1 post tagged “palm treo”
If there are three things that must be nailed in your software's use model, these are it:
-Consistency
-Consistency
-Consistency
If your use model is dead on, it will feel intuitive to users. They will know how to accomplish a task with little or no intervention from you.
If your model isn't dead on, you wind up training your users to do things. They have to read your dialogs and make a decision, then act. As time goes on, they stop reading the dialogs. They don't have to think about it anymore.
Take, for example, a file-tree-browsing tool that always displays a right-facing triangle to indicate a selection can be expanded. You can reuse that graphic elsewhere and users automatically know what it does. "I click here, I see more stuff under that selection." You want to avoid reusing the graphics in different contexts if there is different meaning.

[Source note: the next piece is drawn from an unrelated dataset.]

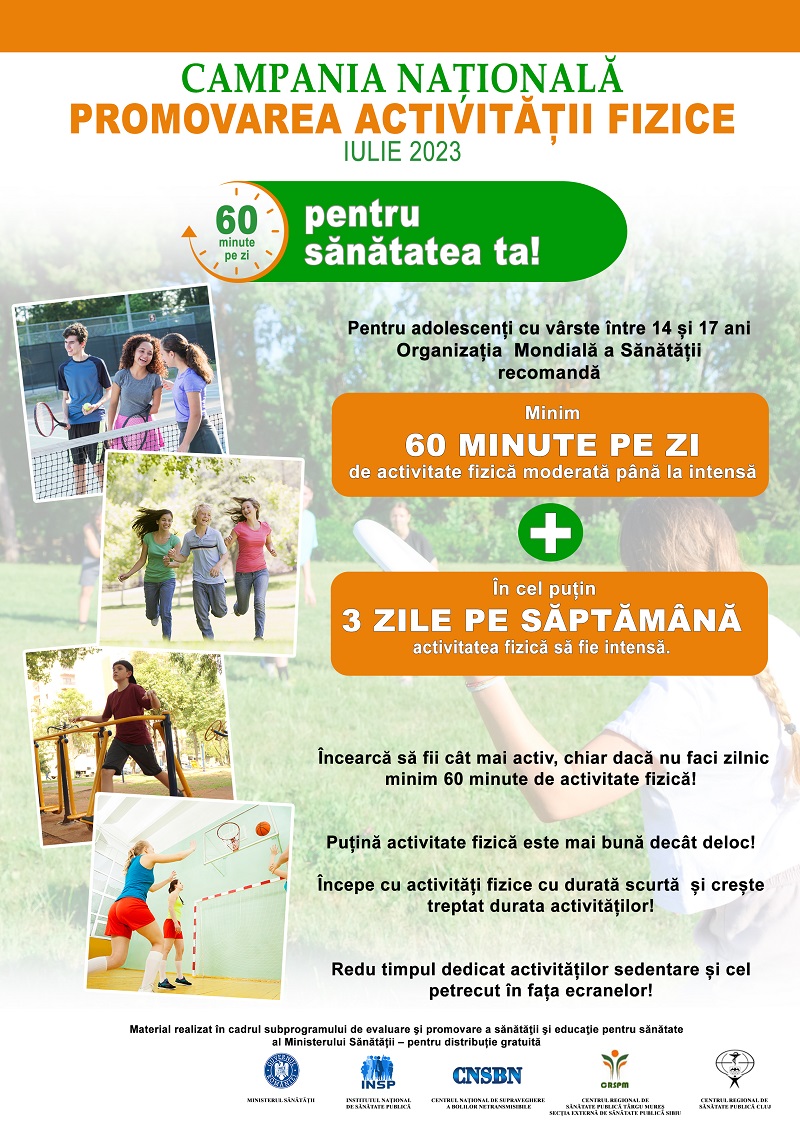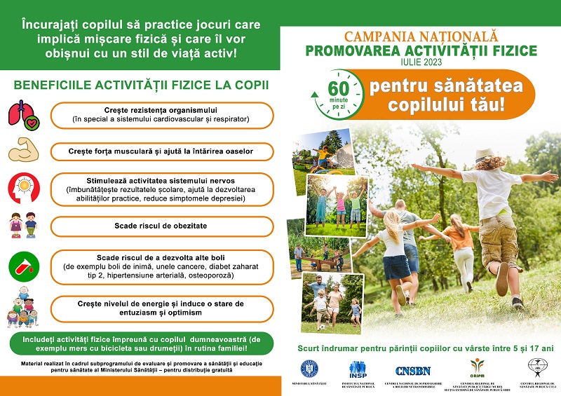 Direcţia de Sănătate Publică a județului Neamț organizează în luna iulie 2023 Campania națională „Promovarea activității fizice”. Populația țintă căreia i se adresează campania este reprezentată de copii și adolescenți cu vârste cuprinse între 5 și 17 ani și părinții acestora.

The same goes for dialog boxes.
I recently loaded the "del.icio.us bookmarks" add-on for Firefox. Most of the yes/no dialogs in this OS in that web browser have the "yes" selection on the left. This tool's "no" selection is on the left. I wanted to add my bookmark to del.icio.us, but I quickly clicked the left box without reading the full dialog. Their software didn't do what I wanted, but that's what I've been trained to do.
In the grand scheme of things that's no big deal. I can quickly recover from my "mistake" by manually uploading that bookmark to del.icio.us.
Such was not the case the other day, however, when using my Palm Treo's calendar. I've edited my calendar any number of times. I've been trained to know that "yes" edits only one item in a set of recurring items. "No" edits the entire series of items. If I want to shift my schedule around for one day, I hit "yes." Easy enough.
As you can clearly see, it's important to click "Yes" if you want to edit just one thing.
My Friday class was canceled. I wanted to delete that one recurring item from my calendar for this week only. Easy enough, right? Click "delete", then click "Yes" to just delete one thing. But, wait...
When designing your interfaces and software behaviors, take care that affirmative and negative choices, or choices that result in similar behaviors, are always represented in the same way. Doing otherwise is a disservice to your users.